● **Action item**
Using the listing below, print the line containing "膠南市濱海街道的一處農(nóng)田地表已干裂。", the line containing "企查查数据显示,近5年我国电", and each line between them, exactly and nothing else. Pictures stay out of the print.

● **Raw data**
::::::::

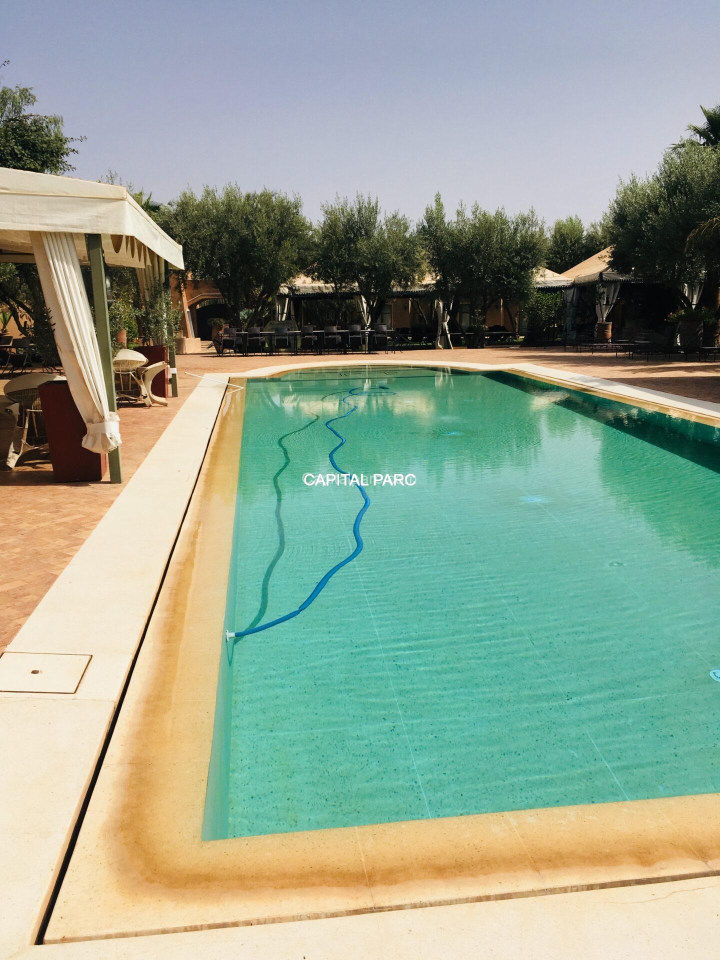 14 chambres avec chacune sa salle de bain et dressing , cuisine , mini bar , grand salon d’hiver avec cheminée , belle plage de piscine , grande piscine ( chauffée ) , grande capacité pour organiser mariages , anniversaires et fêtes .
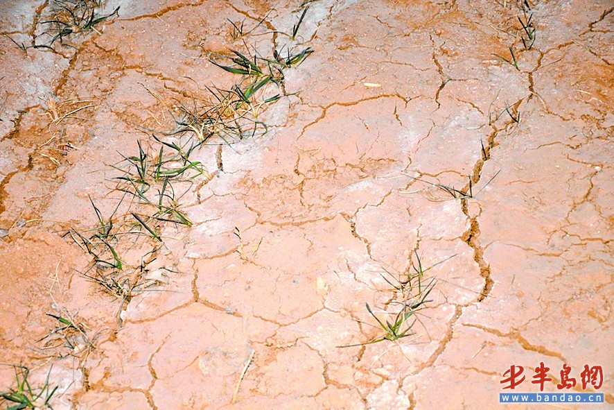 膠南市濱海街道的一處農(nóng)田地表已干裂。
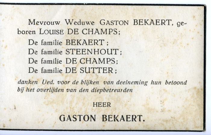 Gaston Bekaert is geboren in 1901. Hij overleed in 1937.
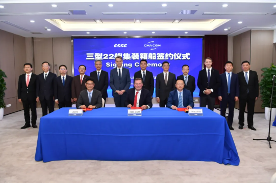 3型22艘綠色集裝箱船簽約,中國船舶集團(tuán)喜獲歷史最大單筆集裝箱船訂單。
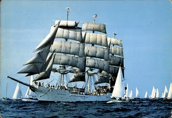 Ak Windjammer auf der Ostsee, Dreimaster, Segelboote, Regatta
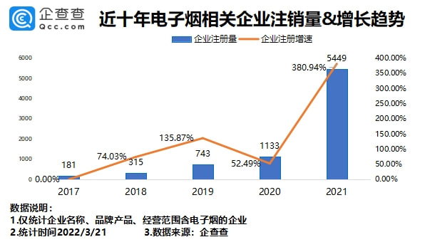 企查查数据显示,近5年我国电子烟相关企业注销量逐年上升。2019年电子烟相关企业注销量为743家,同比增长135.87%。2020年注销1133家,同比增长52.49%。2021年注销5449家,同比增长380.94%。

::::::::

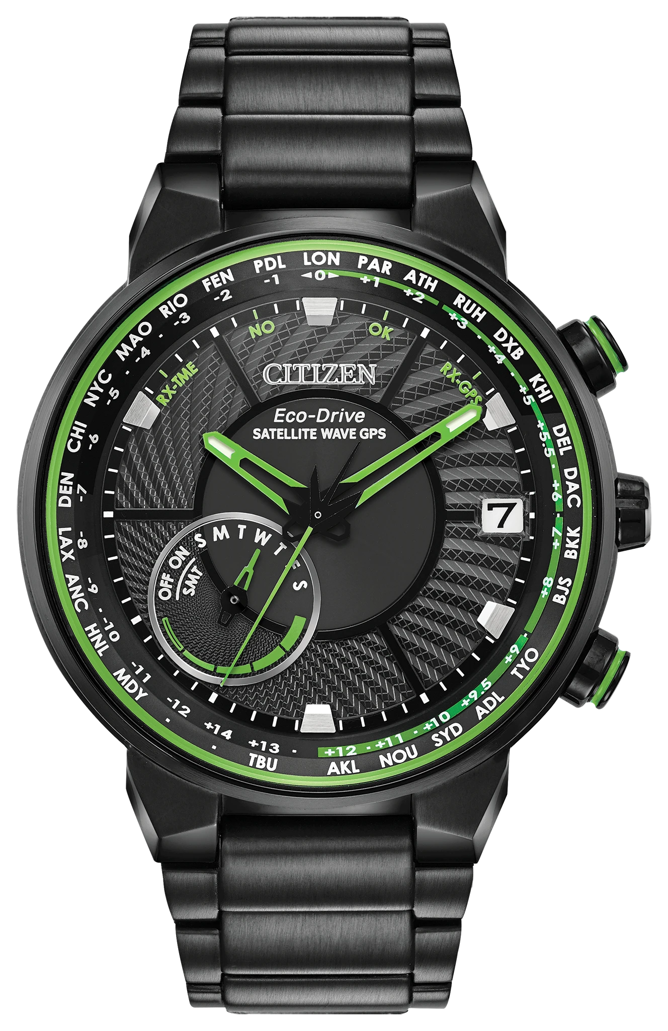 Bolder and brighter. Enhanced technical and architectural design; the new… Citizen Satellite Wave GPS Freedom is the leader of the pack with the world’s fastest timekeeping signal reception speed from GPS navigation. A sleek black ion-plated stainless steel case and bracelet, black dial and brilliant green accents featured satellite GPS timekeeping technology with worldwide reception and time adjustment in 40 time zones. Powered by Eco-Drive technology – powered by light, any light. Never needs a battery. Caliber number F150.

::::::::

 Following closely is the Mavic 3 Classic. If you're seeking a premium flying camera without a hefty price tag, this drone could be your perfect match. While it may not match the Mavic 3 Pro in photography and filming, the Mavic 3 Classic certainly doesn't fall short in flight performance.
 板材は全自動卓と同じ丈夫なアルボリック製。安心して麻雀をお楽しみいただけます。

::::::::

● **Result**
 膠南市濱海街道的一處農(nóng)田地表已干裂。
 Gaston Bekaert is geboren in 1901. Hij overleed in 1937.
 3型22艘綠色集裝箱船簽約,中國船舶集團(tuán)喜獲歷史最大單筆集裝箱船訂單。
 Ak Windjammer auf der Ostsee, Dreimaster, Segelboote, Regatta
 企查查数据显示,近5年我国电子烟相关企业注销量逐年上升。2019年电子烟相关企业注销量为743家,同比增长135.87%。2020年注销1133家,同比增长52.49%。2021年注销5449家,同比增长380.94%。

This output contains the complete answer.